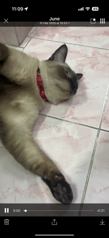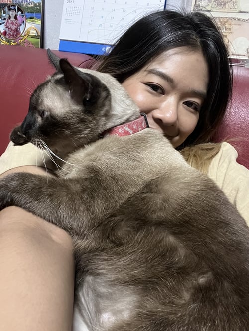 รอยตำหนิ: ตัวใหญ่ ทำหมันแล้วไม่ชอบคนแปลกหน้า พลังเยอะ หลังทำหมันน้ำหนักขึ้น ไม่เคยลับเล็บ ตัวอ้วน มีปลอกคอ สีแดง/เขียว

* * *

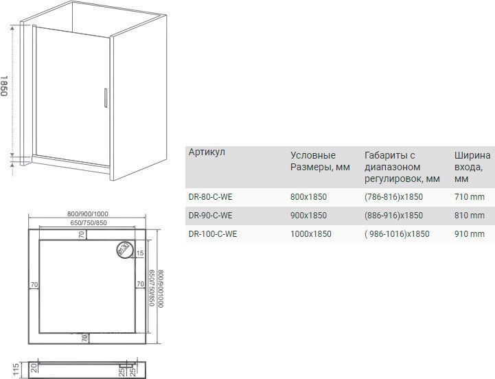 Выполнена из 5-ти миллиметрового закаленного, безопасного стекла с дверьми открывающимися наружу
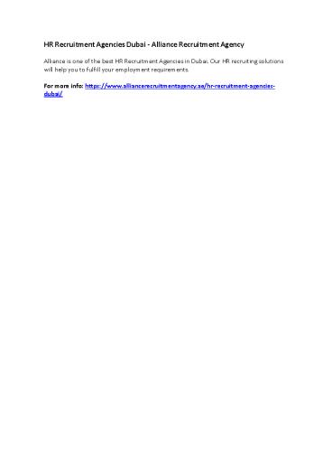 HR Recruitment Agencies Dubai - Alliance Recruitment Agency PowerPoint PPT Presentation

* * *

Activity »
Above are the records; return the lines in them from the one with "Выполнена из 5-ти" to the one with "HR Recruitment Agencies", inclusive, exactly and without images.

Expected output »
 Выполнена из 5-ти миллиметрового закаленного, безопасного стекла с дверьми открывающимися наружу
 HR Recruitment Agencies Dubai - Alliance Recruitment Agency PowerPoint PPT Presentation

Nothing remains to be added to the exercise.